Task to complete:
Restate each record word for word, omitting whatever pictures it holds.

Data entries:
────────

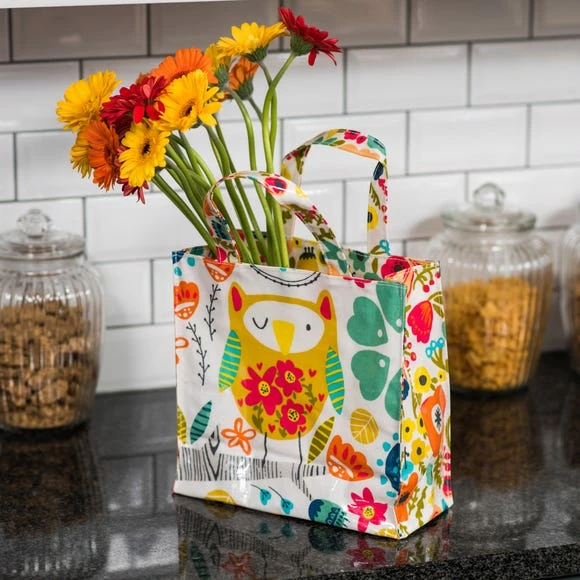 Designed by Ulster Weavers from 100% cotton with PVC coating, this PVC small reusable bag has been designed with a magnetic clasp for closing and an inner pocket with zip fastening for added storage. Easy to wipe clean when required, this small reusable bag is part of the Twit Twoo collection and has been finished with bright and colourful, cute owl illustrations with co-ordinating items available to purchase separately.
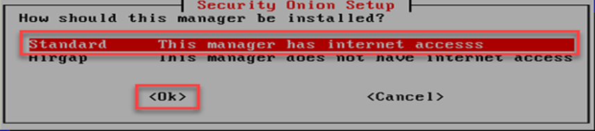 Security Onion kurulum ekranında sunucun internete erişimi olup olmadığı sorulmaktadır. Sunucunun direk internete erişimi olduğu için “Standard” seçilerek kuruluma devam edilir.
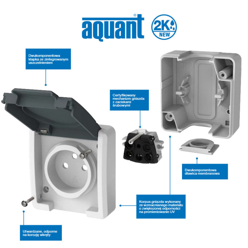 Zmodernizowana seria osprzętu natynkowego AQUANT™ to odpowiedź na potrzeby wymagających użytkowników, którzy poszukują niezawodnych rozwiązań do instalacji w miejscach o podwyższonej wilgotności, narażonych na pył, wodę oraz promieniowanie UV. AQUANT™ to aktualizacja dobrze znanej serii, teraz jeszcze bardziej dopasowana do ekstremalnych warunków pracy. Dzięki nowym cechom i zaawansowanym technologiom seria wyróżnia się jeszcze większą odpornością, funkcjonalnością i estetyką.
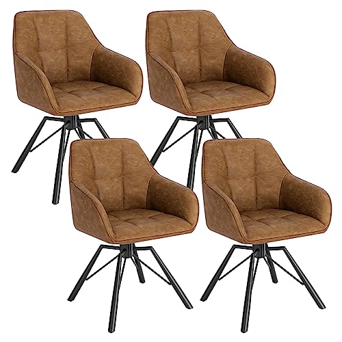 WOLTU Set med 4 matrumsstolar, köksstol, stol matsal vardagsrum, ergonomisk fåtölj, armstödsstol, stoppstol, sits av vintage-konstläder, metallben, brun, EZS03br-4
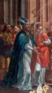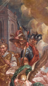 Historie: Obraz patří do série umístěné na stěnách lodi věnované dvěma svatým patronům kostela (a zároveň patronům zemí, ze kterých pocházeli): Stanislavu, krakovskému biskupovi a mučedníkovi, a Václav, český kníže a také mučedník. Přesnější datování obrazu a rámu neexistuje, proto je třeba uvést poměrně široký časový úsek mezi lety 1710 a 1720.
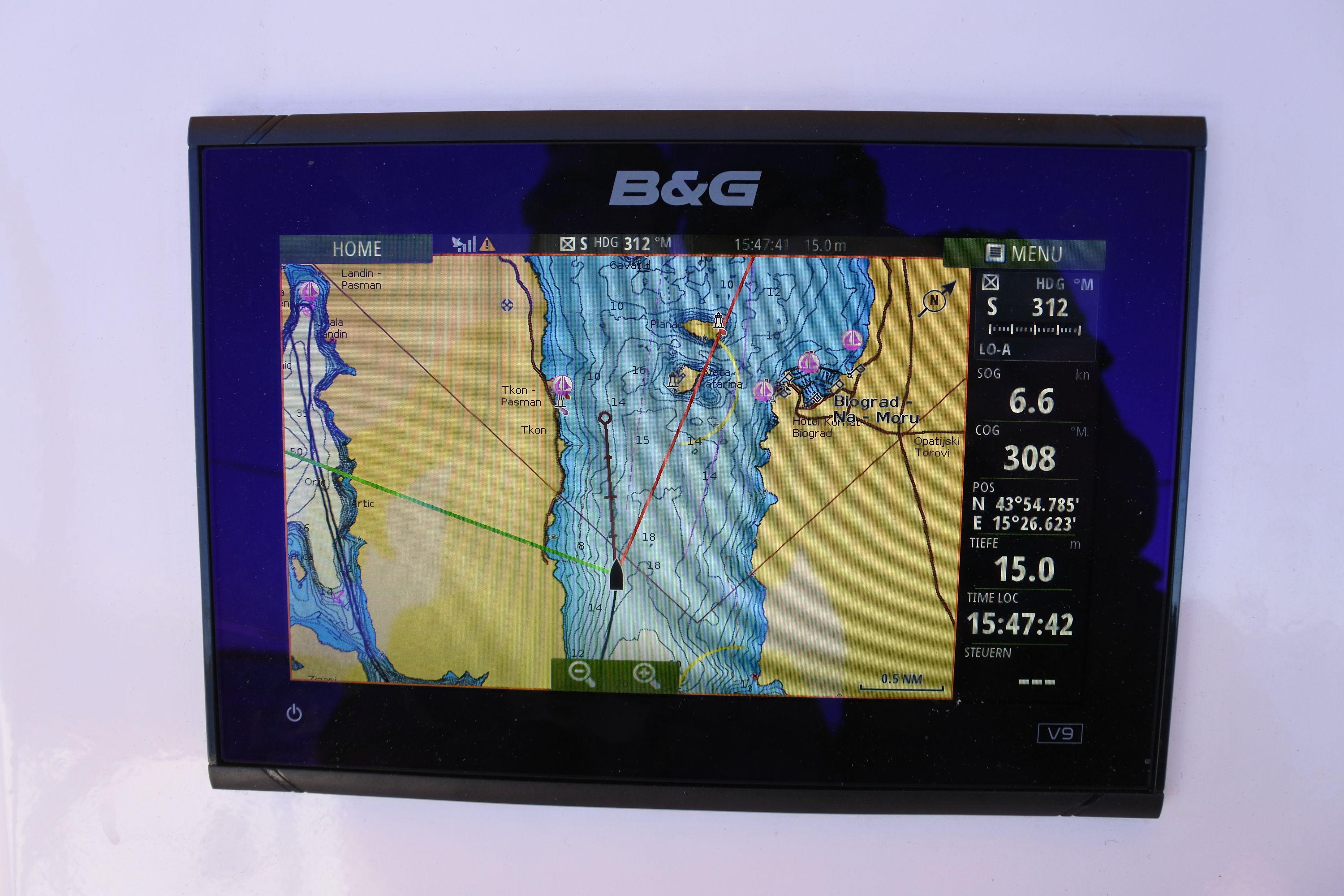 | Navigation | Echolot, Fernglas, GPS mit Kartenplotter im Cockpit, Hafenhandbücher, Kompass, Seekarten, Windmesser |
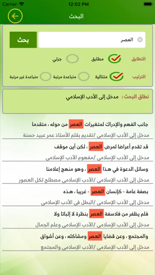 - البحث في عناوين الأبحاث، مع تلوين نتائج البحث بلون مميز.
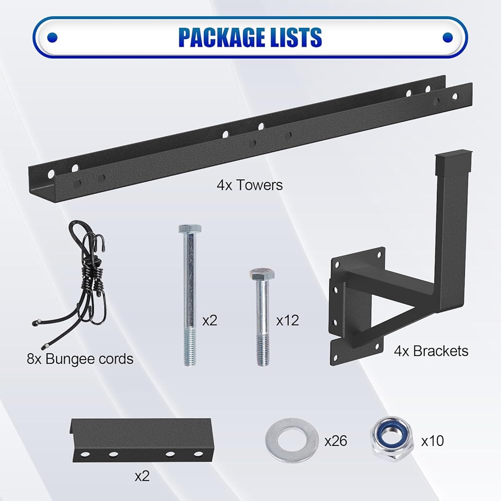 Package Included: 2 towers, 4 brackets, 4 bungee cords 8 screws
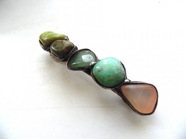 Klamra do włosów, wykonana techniką witrażową z unakitu, serpentynitu, jadeitu, chryzoprazu. Zapięcie metalowe, automatyczne. Wymiary ok. 8 na 1,5 cm.
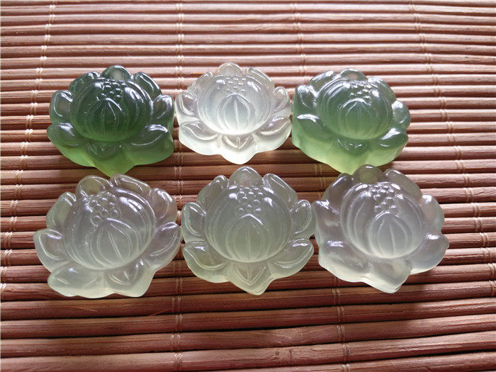 岫玉荷花吊坠莲花挂件天然玉石diy饰品配件女款手链项链工艺品A货
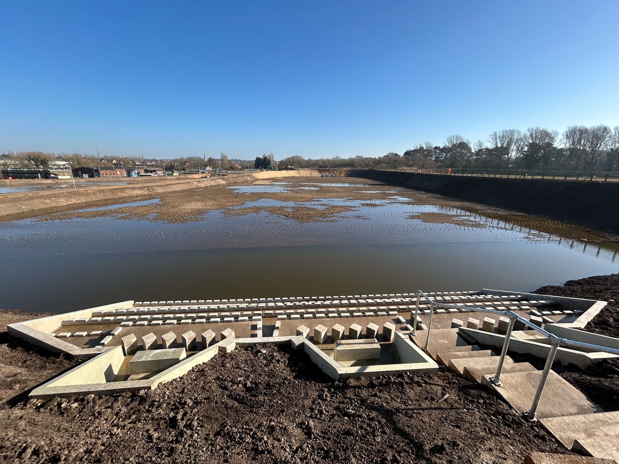 The project was to take a circa 45,000m2 made ground area on an existing sewage treatment works and to create 4 No. of wetland stormwater cells. Each cell has 3 No. of pre-cast concrete headwalls at both the inflow and outflow ends of the cells.
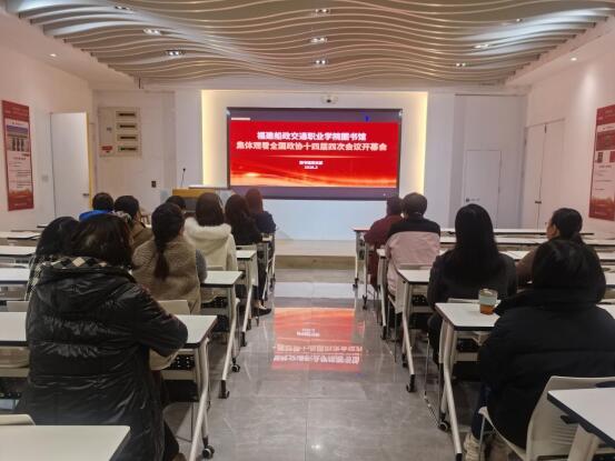 3月5日,福建船政交通職業(yè)學院圖書館黨支部組織全體館員在圖書館三樓黨建館集中觀看全國政協(xié)十四屆四次會議開幕會,深入學習領(lǐng)會全國兩會精神。
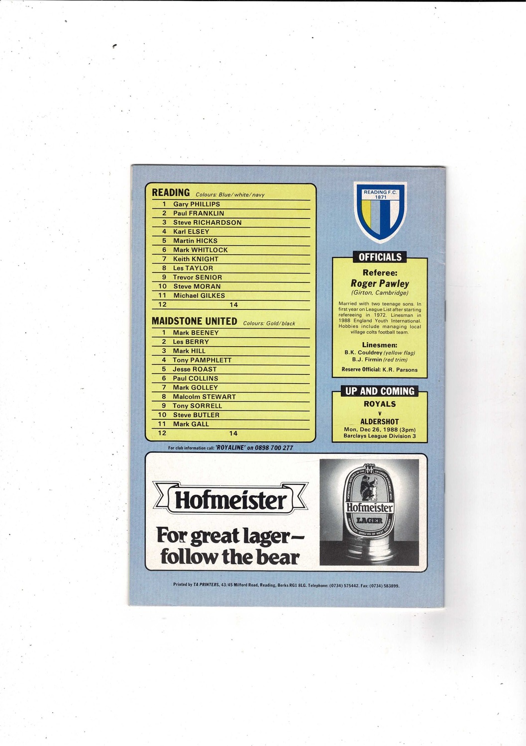 Reading v Maidstone United FA Cup Football Programme 1988/89
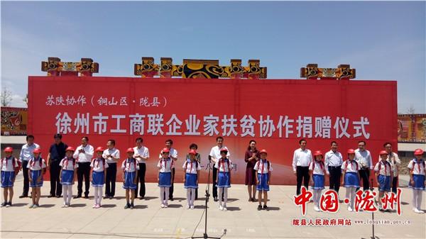 考察團一行先后深入隴縣綠能牧業(yè)4萬只奶山羊養(yǎng)殖場、陜西和氏乳業(yè)7萬噸羊乳粉智能生產(chǎn)線、隴縣關(guān)山草原游客接待中心、西北農(nóng)林科技大學(xué)隴縣優(yōu)質(zhì)核桃實驗站現(xiàn)場進行了實地考察。考察結(jié)束后,在隴縣社火廣場舉行了“蘇陜協(xié)作—徐州市工商聯(lián)企業(yè)家扶貧協(xié)作捐贈儀式”;春?毓杉瘓F現(xiàn)場為我縣貧困群眾捐贈三輪摩托車40輛,為全縣8個鎮(zhèn)19所小學(xué)學(xué)生捐贈書包、文具盒、小紅帽各4000套,受助單位及個人現(xiàn)場領(lǐng)取了捐贈物品。

────────

Solution to this task:
 Designed by Ulster Weavers from 100% cotton with PVC coating, this PVC small reusable bag has been designed with a magnetic clasp for closing and an inner pocket with zip fastening for added storage. Easy to wipe clean when required, this small reusable bag is part of the Twit Twoo collection and has been finished with bright and colourful, cute owl illustrations with co-ordinating items available to purchase separately.
 Security Onion kurulum ekranında sunucun internete erişimi olup olmadığı sorulmaktadır. Sunucunun direk internete erişimi olduğu için “Standard” seçilerek kuruluma devam edilir.
 Zmodernizowana seria osprzętu natynkowego AQUANT™ to odpowiedź na potrzeby wymagających użytkowników, którzy poszukują niezawodnych rozwiązań do instalacji w miejscach o podwyższonej wilgotności, narażonych na pył, wodę oraz promieniowanie UV. AQUANT™ to aktualizacja dobrze znanej serii, teraz jeszcze bardziej dopasowana do ekstremalnych warunków pracy. Dzięki nowym cechom i zaawansowanym technologiom seria wyróżnia się jeszcze większą odpornością, funkcjonalnością i estetyką.
 WOLTU Set med 4 matrumsstolar, köksstol, stol matsal vardagsrum, ergonomisk fåtölj, armstödsstol, stoppstol, sits av vintage-konstläder, metallben, brun, EZS03br-4
 Historie: Obraz patří do série umístěné na stěnách lodi věnované dvěma svatým patronům kostela (a zároveň patronům zemí, ze kterých pocházeli): Stanislavu, krakovskému biskupovi a mučedníkovi, a Václav, český kníže a také mučedník. Přesnější datování obrazu a rámu neexistuje, proto je třeba uvést poměrně široký časový úsek mezi lety 1710 a 1720.
 | Navigation | Echolot, Fernglas, GPS mit Kartenplotter im Cockpit, Hafenhandbücher, Kompass, Seekarten, Windmesser |
 - البحث في عناوين الأبحاث، مع تلوين نتائج البحث بلون مميز.
 Package Included: 2 towers, 4 brackets, 4 bungee cords 8 screws
 Klamra do włosów, wykonana techniką witrażową z unakitu, serpentynitu, jadeitu, chryzoprazu. Zapięcie metalowe, automatyczne. Wymiary ok. 8 na 1,5 cm.
 岫玉荷花吊坠莲花挂件天然玉石diy饰品配件女款手链项链工艺品A货
 The project was to take a circa 45,000m2 made ground area on an existing sewage treatment works and to create 4 No. of wetland stormwater cells. Each cell has 3 No. of pre-cast concrete headwalls at both the inflow and outflow ends of the cells.
 3月5日,福建船政交通職業(yè)學院圖書館黨支部組織全體館員在圖書館三樓黨建館集中觀看全國政協(xié)十四屆四次會議開幕會,深入學習領(lǐng)會全國兩會精神。
 Reading v Maidstone United FA Cup Football Programme 1988/89
 考察團一行先后深入隴縣綠能牧業(yè)4萬只奶山羊養(yǎng)殖場、陜西和氏乳業(yè)7萬噸羊乳粉智能生產(chǎn)線、隴縣關(guān)山草原游客接待中心、西北農(nóng)林科技大學(xué)隴縣優(yōu)質(zhì)核桃實驗站現(xiàn)場進行了實地考察。考察結(jié)束后,在隴縣社火廣場舉行了“蘇陜協(xié)作—徐州市工商聯(lián)企業(yè)家扶貧協(xié)作捐贈儀式”;春?毓杉瘓F現(xiàn)場為我縣貧困群眾捐贈三輪摩托車40輛,為全縣8個鎮(zhèn)19所小學(xué)學(xué)生捐贈書包、文具盒、小紅帽各4000套,受助單位及個人現(xiàn)場領(lǐng)取了捐贈物品。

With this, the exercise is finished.